If you don’t want to read a rant, then go away now. If you comment about how stupid it is to rant, I’ll kick you in the fucking face because I warned you.

Now, anyway, school is so fucking stupid. Krystal, yes, your boyfriend cheated on you. Too bad, so sad. Get over it, it’s your own fault for sleeping with him so you can’t use that against him. He didn’t rape you, he didn’t pressure you. Sorry you lost your virginity to someone who was stupid. Your fault for that.

Then, you go and get pissed because he moved on and doesn’t love you. Okay, so you say it’s better for him to die in the Army and if your friends were really your friends you wouln’t go to his funeral. Well fuck you. Fuck you right in the ass you stupid dumb bitch. Paul is my friend. Paul is someone I cared about. You bet your ass I’d go to his funeral.

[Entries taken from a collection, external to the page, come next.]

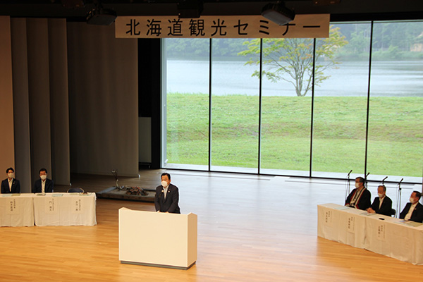 北海道観光セミナーにおいて挨拶をする赤羽大臣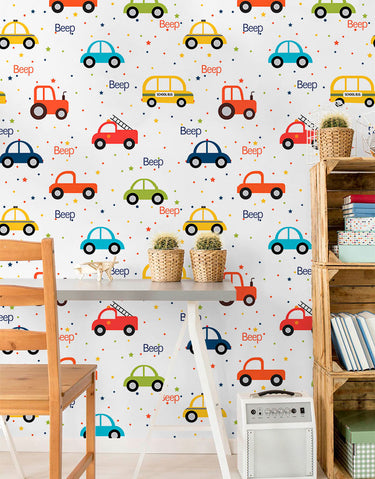 Crie um ambiente divertido com o Papel de Parede Adesivo Carrinhos Beep Beep. Lavável e fácil de aplicar, ele é perfeito para quartos infantis, proporcionando um visual alegre e moderno.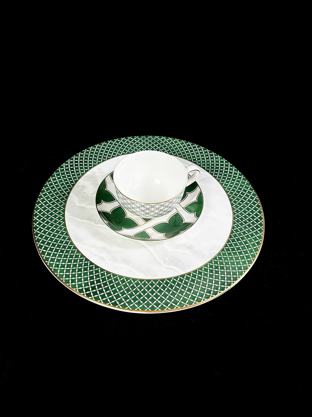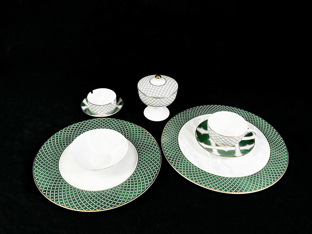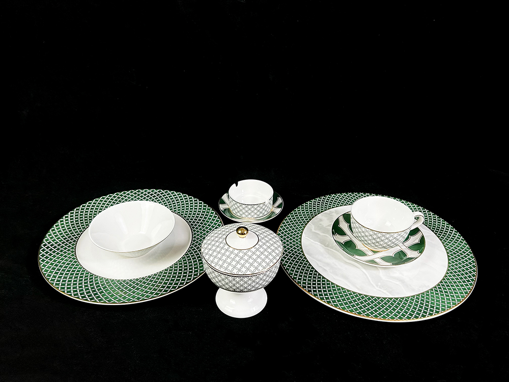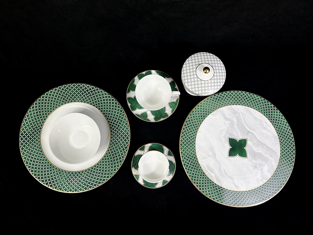 客戶定制 經典網紋陶瓷描金四葉草餐具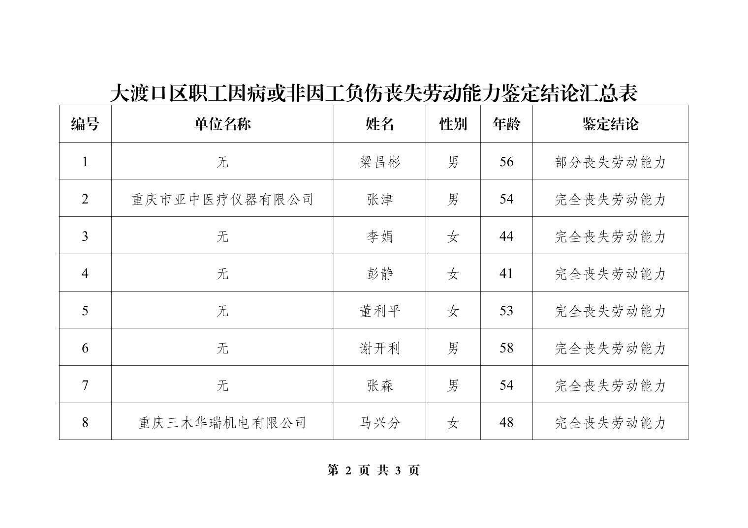 大渡口区劳动能力鉴定委员会办公室关于病残鉴定结论的公示202602批次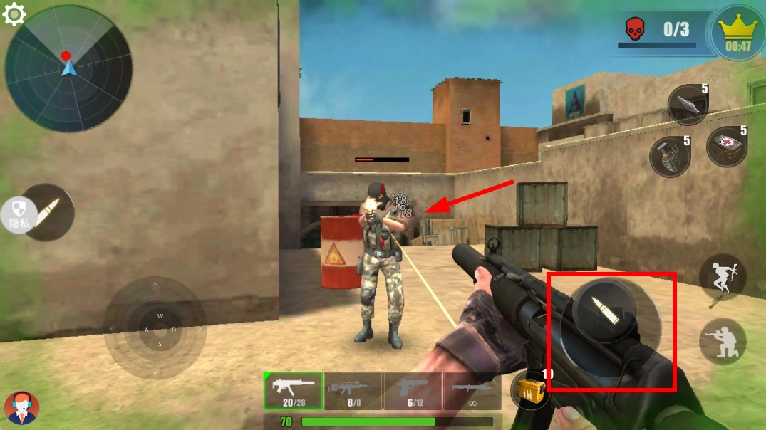 3、发现敌人后,瞄准目标并点击右侧的攻击按钮,角色就会用枪械射击敌人,同时要注意自己的弹药剩余量,以保证能够持续战斗。

And you’re suppose to be Christian. Here you are, shoving this shit down our throats and you go and say something like that. Way to go and be a fucking hypocrite. You’re really fucking stupid, you know that? Seriously.

To make things worse you go and get pissed off because Paul moved on so quickly. So what happens? When Ashely and Brandon make you feel better, you throw yourself all over Brandon. He’s a fucking Freshman! You’re a Junior you stupid pedophile. Way to go and be gross and totally do what Paul did to you.

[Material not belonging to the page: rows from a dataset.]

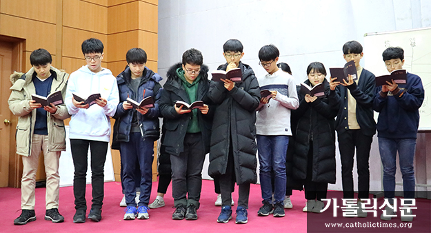 11월 24일 열린 대전 전민동본당 중고등부 연도대회에서 참가 학생들이 연도를 바치고 있다.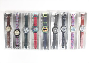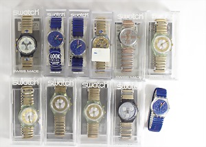 Lot: 10 Swatchuhren, Quarz, Chronograph, (30 m wasserdicht), mit Originalschatullen, ungetragen, ungeprüft !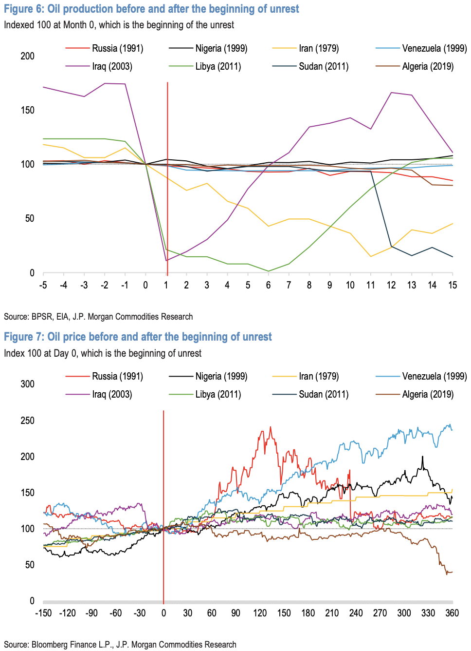 摩根大通援引自1979年以来八次中大型产油国政权更迭的历史数据,给出了极具参考价值的量化规律:从冲突爆发到价格峰值,油价平均涨幅达76%;冲突爆发后第一个月油价平均上涨约5%,三个月内平均涨幅扩大至30%,且最终往往稳定在高于冲突前约30%的水平。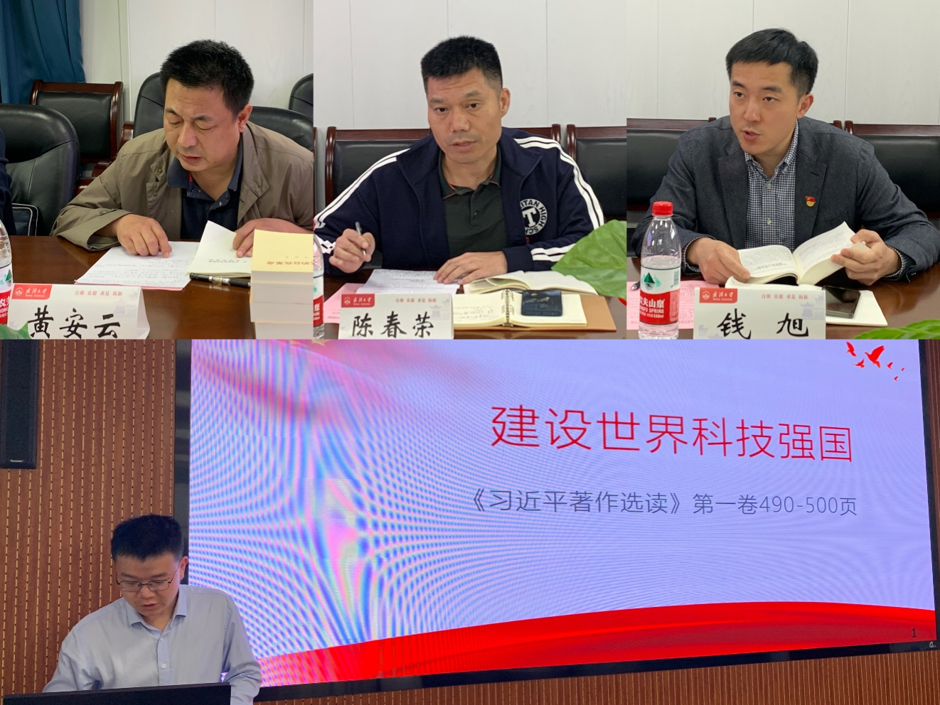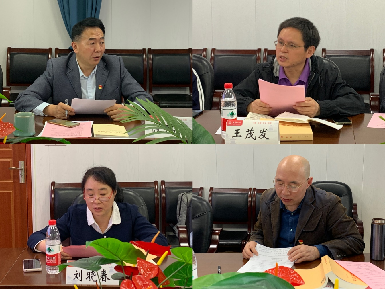 院党委副书记汪思明,院党委委员、副院长王茂发,院党委委员、基础数学系党支部书记刘晓春,概率与统计科学系党支部书记让光林围绕学习内容,结合本职岗位工作,先后交流了学习体会。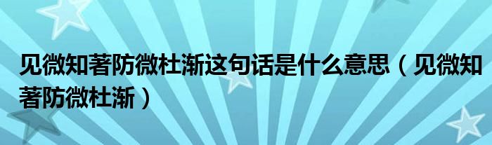 关于见微知著防微杜渐这句话是什么意思,见微知著防微杜渐这个很多人还不知道,今天菲菲来为大家解答以上的问题,现在让我们一起来看看吧!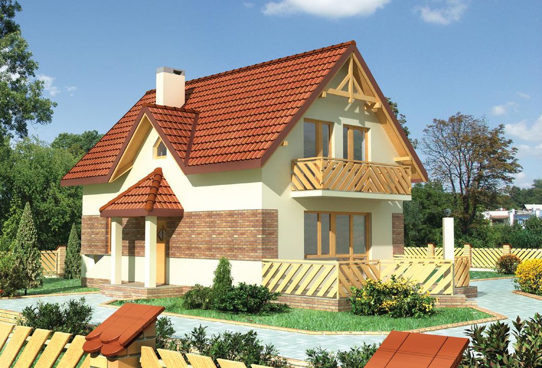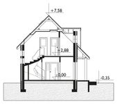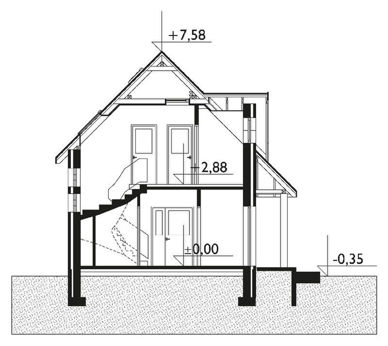 Graficzne opracowanie rzutów poglądowych widocznych na karcie projektu zostało wykonane przez Extradom.pl. Prezentowane przez Extradom.pl wizualizacje wykonane zostały przez autora projektu i należy poczytywać je jedynie za przykład i propozycję wykończenia, wizję architektoniczną autora projektu. Ostateczne wykończenie budynku może nastąpić na wiele sposobów. Szczegółowe rozwiązania zastosowane w oferowanej dokumentacji - w tym również ilość, lokalizacje i wygląd okien, drzwi, kominów - mogą w niewielkim stopniu różnić się od prezentowanej wizualizacji budynku.

You want to know why I think you’re going out with him? Because you’re on the rebound and you want to make Paul jealous. Get over yourself. I doubt you two will last more than two months. I will shit myself if you do. You never showed interst in Brandon before and now all of a sudden you do? It’s because you’re a whore and will fall all over the first guy to give you the fucking time of fucking day!

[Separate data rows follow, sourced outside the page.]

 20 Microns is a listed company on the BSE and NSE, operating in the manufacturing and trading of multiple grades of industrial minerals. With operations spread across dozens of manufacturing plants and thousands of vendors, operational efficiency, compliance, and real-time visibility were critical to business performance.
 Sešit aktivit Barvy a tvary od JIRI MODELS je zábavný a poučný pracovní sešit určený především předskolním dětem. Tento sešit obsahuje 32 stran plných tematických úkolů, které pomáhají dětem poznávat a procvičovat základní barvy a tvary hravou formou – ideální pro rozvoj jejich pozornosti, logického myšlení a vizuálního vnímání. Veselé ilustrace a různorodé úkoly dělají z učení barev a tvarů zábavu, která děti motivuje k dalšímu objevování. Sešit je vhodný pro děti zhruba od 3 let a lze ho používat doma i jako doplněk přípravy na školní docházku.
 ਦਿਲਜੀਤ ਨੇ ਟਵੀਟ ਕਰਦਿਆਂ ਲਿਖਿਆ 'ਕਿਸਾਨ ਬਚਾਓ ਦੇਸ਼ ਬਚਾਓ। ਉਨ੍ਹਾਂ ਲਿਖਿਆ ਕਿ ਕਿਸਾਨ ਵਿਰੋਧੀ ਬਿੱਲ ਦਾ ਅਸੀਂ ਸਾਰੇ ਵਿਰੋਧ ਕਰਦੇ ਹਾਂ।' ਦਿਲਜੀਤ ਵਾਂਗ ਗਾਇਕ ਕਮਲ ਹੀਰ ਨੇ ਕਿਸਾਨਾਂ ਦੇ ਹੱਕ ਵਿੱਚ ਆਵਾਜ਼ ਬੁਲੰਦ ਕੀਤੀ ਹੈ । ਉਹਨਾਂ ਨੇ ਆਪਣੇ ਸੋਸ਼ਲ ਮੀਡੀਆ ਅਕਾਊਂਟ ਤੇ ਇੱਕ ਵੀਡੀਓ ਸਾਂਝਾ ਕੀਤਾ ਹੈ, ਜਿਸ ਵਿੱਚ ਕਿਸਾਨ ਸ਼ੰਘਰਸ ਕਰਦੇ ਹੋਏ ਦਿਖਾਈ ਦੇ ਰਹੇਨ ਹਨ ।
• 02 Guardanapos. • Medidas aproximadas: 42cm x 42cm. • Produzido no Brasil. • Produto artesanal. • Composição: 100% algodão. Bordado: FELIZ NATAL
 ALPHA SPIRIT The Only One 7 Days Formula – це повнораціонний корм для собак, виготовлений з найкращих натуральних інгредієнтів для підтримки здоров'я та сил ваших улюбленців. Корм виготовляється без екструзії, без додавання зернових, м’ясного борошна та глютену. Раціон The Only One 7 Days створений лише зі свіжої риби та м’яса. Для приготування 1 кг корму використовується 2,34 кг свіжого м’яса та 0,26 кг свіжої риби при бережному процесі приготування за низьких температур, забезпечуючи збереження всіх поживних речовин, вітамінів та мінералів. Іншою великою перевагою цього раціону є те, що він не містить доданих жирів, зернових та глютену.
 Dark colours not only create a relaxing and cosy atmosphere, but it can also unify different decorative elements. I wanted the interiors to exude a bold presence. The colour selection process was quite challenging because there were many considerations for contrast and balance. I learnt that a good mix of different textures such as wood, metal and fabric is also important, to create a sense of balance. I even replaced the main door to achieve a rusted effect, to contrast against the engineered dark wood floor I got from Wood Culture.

You’re seriously so stupid. You want to tell the Army Paul broke some stupid rules to get him kicked out of the Army because he broke your heart. Grow the fuck up! Get the fuck over it! You know what? This is HIGH SCHOOL. How much shit lasts outside of high school? Seriously, there isn’t even five percent of high school couples that make it. You know this so don’t be suprised when it ends.

Grow up, move and, and get over it! Stop being a dumb whore who lies all the fucking time about everything. You lie about how much money you have, about how much money your uncle has, about going to Paris over the winter. I bet you even lie about having to do six hours of dance every fucking day.

Not to mention you can’t even do your own fucking homework and you expect your friends to do it. If you can’t do your homework and then say you’re too depressed or you can’t do well screw you bitch. Get out of the class or make time. You can do all your other homework. Pfft, you’ve told me you just don’t feel like doing your homework so that’s why you asked me to do it. Go choke on a cock and do your own damn homework.

Ugh! Krystal, you seriously bug the shit out of me. I swear, if I have to see your fucking face at school, hear your fucking voice, have to be around you for more than three seconds, I will go the fuck off because you’re a stupid bitch. Seriously. You’re worse than fucking Malori.

(Too bad this is only like one of three things pissing me off. Too bad this one is the most recent so it’s pissing me off the most. High school is so gay. Seriously. Gay as all fuck.)

1 Comment
  1. ziquester 15 years ago

    Wouldnt it just make you feel better to beat the hell outta something?